:: DATA TO USE

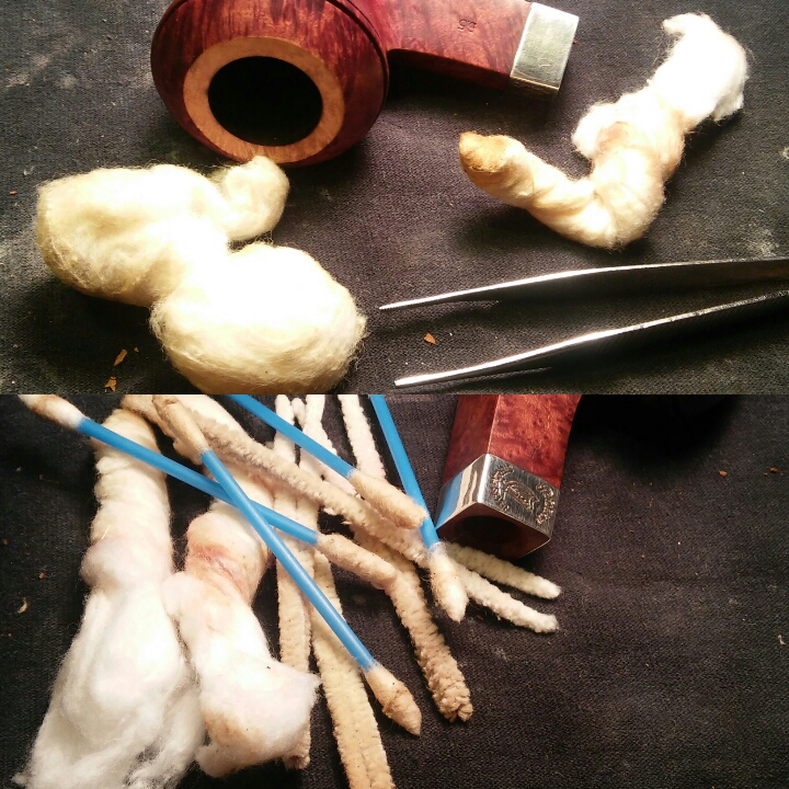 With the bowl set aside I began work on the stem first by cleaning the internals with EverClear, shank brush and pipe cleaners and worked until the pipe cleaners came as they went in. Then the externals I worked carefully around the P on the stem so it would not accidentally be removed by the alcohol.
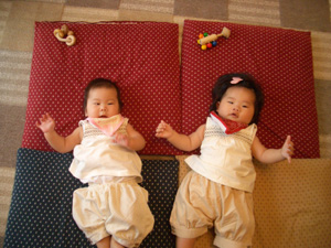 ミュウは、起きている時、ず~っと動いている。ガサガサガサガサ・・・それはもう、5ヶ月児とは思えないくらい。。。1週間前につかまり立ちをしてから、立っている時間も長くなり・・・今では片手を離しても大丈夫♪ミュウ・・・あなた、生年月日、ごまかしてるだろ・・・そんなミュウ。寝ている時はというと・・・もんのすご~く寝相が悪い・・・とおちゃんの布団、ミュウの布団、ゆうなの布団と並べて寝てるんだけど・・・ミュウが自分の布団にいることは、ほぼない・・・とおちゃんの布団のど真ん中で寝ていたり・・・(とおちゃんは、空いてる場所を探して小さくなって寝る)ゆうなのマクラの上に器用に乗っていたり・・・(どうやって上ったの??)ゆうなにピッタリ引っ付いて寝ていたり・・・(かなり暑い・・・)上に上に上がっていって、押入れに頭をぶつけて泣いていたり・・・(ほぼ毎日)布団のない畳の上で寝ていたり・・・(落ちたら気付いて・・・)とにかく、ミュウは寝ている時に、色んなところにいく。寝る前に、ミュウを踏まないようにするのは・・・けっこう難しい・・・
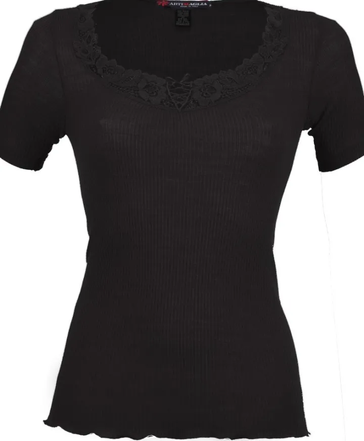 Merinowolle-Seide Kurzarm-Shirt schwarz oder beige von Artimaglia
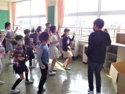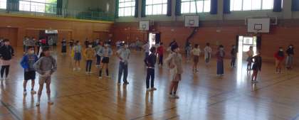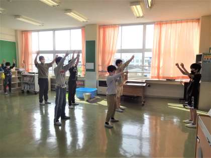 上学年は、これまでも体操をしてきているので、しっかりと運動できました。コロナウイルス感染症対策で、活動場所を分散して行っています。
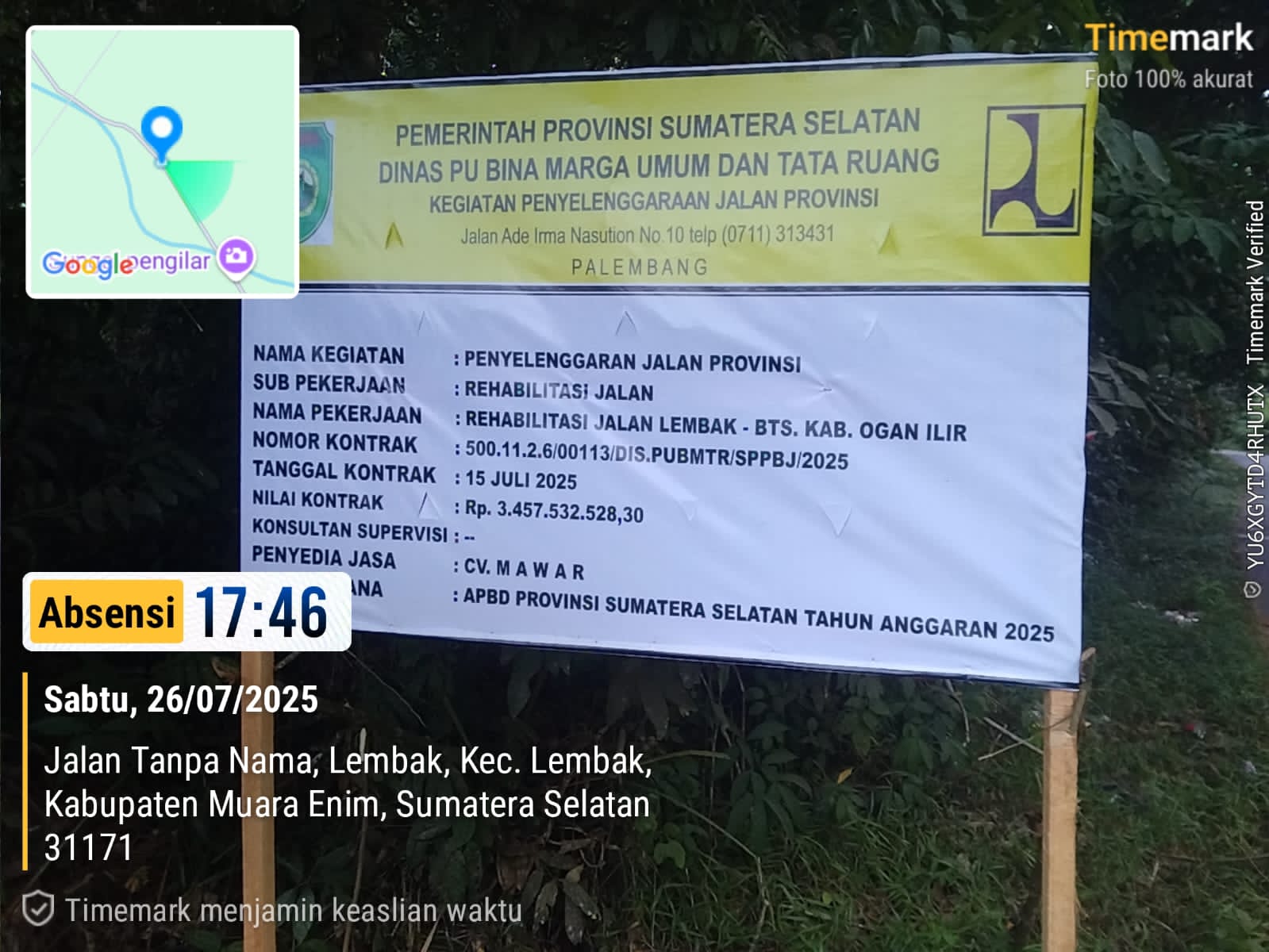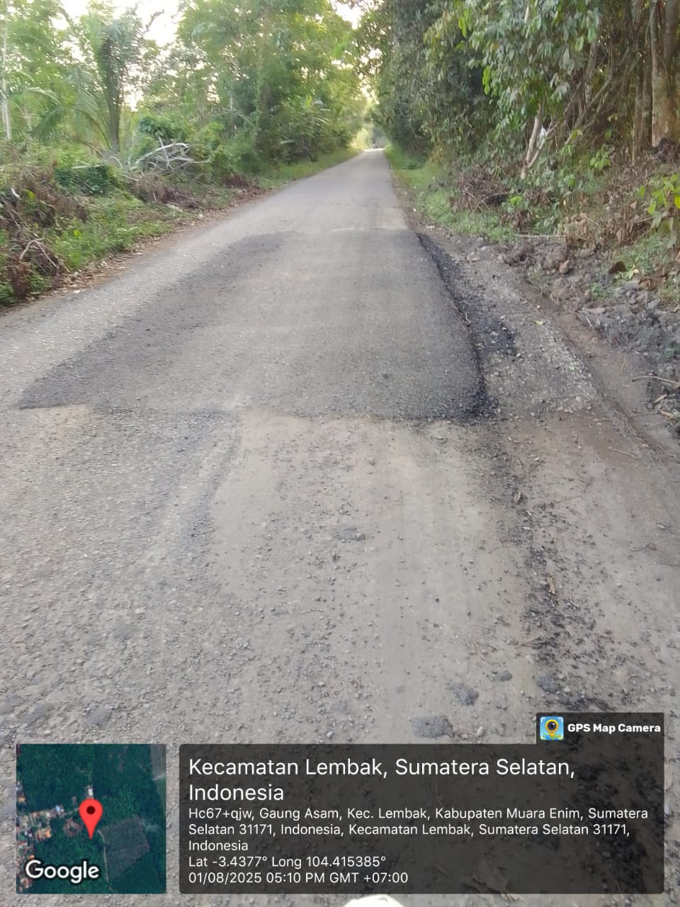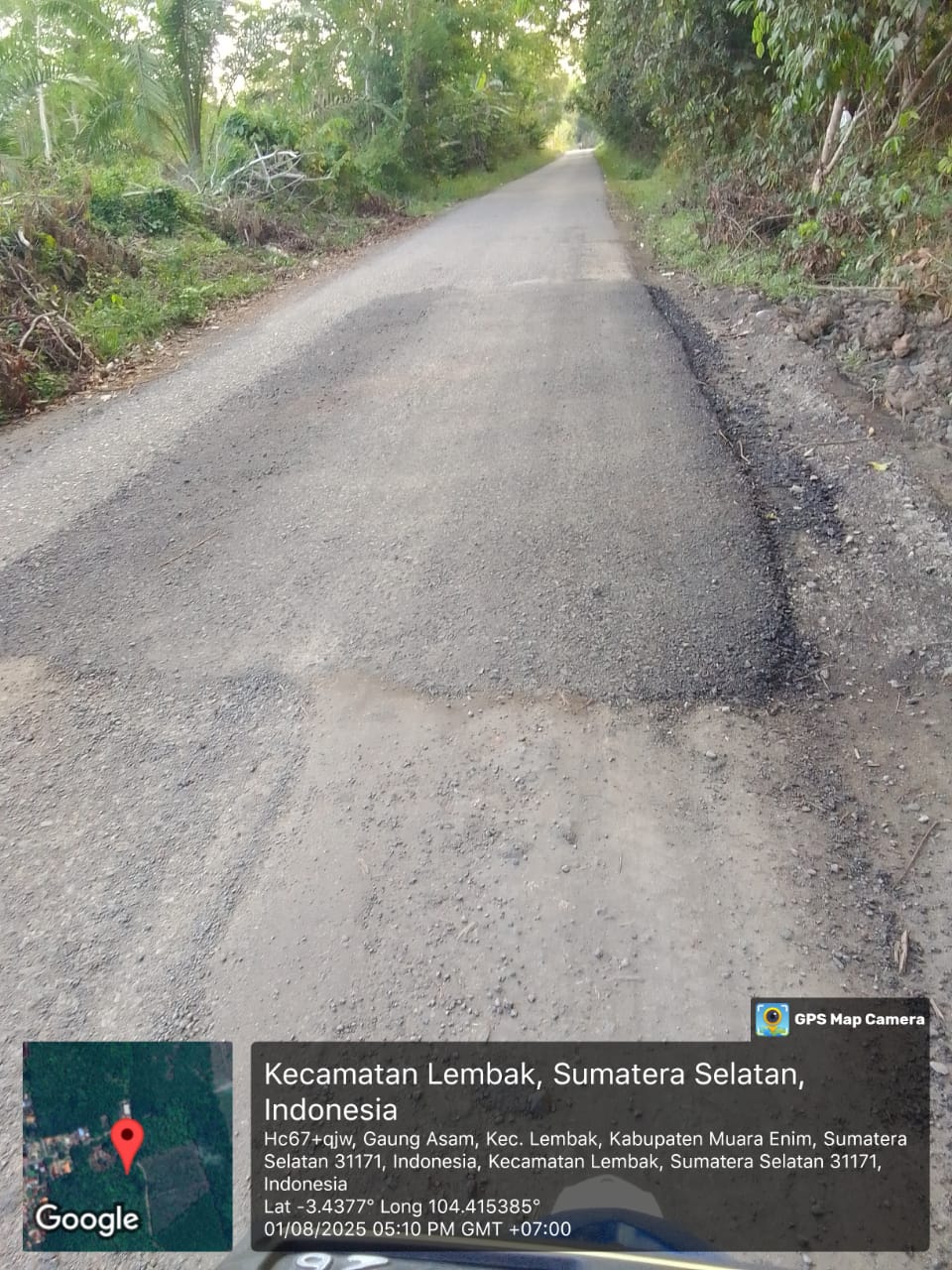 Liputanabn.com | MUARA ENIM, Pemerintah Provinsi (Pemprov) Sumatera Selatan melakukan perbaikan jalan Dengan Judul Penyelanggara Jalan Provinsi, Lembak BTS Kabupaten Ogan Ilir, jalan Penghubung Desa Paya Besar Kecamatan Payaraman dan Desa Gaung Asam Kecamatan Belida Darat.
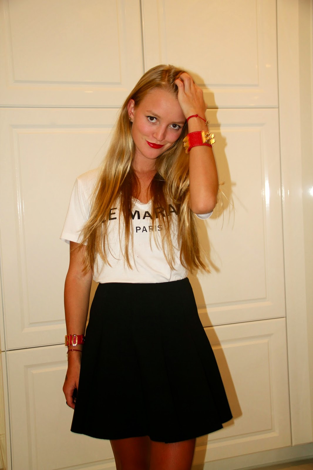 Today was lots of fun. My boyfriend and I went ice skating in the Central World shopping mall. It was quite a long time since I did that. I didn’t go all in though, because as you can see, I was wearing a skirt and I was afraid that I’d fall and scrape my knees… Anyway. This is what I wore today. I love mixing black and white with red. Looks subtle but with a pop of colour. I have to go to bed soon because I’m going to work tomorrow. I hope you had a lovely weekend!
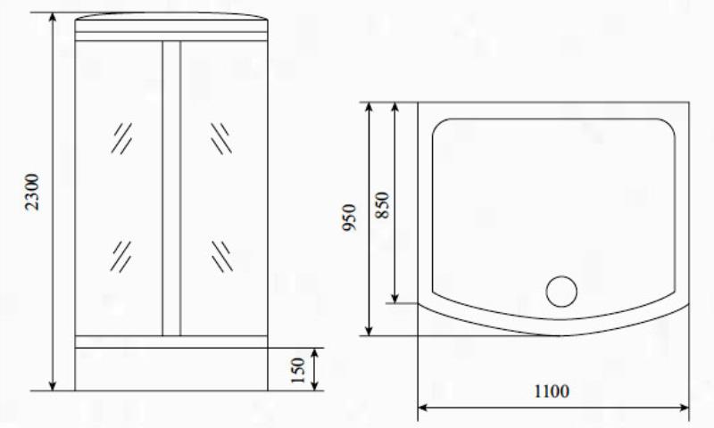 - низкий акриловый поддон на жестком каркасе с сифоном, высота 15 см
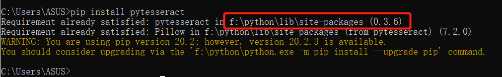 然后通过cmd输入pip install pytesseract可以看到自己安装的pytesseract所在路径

::::

* _PROBLEM STATEMENT_: The output is the lines from the start of the data above through the line containing "上学年は、これまでも体操をし", unchanged, with any picture left out.

* _FINISHED TASK_:
 With the bowl set aside I began work on the stem first by cleaning the internals with EverClear, shank brush and pipe cleaners and worked until the pipe cleaners came as they went in. Then the externals I worked carefully around the P on the stem so it would not accidentally be removed by the alcohol.
 ミュウは、起きている時、ず~っと動いている。ガサガサガサガサ・・・それはもう、5ヶ月児とは思えないくらい。。。1週間前につかまり立ちをしてから、立っている時間も長くなり・・・今では片手を離しても大丈夫♪ミュウ・・・あなた、生年月日、ごまかしてるだろ・・・そんなミュウ。寝ている時はというと・・・もんのすご~く寝相が悪い・・・とおちゃんの布団、ミュウの布団、ゆうなの布団と並べて寝てるんだけど・・・ミュウが自分の布団にいることは、ほぼない・・・とおちゃんの布団のど真ん中で寝ていたり・・・(とおちゃんは、空いてる場所を探して小さくなって寝る)ゆうなのマクラの上に器用に乗っていたり・・・(どうやって上ったの??)ゆうなにピッタリ引っ付いて寝ていたり・・・(かなり暑い・・・)上に上に上がっていって、押入れに頭をぶつけて泣いていたり・・・(ほぼ毎日)布団のない畳の上で寝ていたり・・・(落ちたら気付いて・・・)とにかく、ミュウは寝ている時に、色んなところにいく。寝る前に、ミュウを踏まないようにするのは・・・けっこう難しい・・・
 Merinowolle-Seide Kurzarm-Shirt schwarz oder beige von Artimaglia
 上学年は、これまでも体操をしてきているので、しっかりと運動できました。コロナウイルス感染症対策で、活動場所を分散して行っています。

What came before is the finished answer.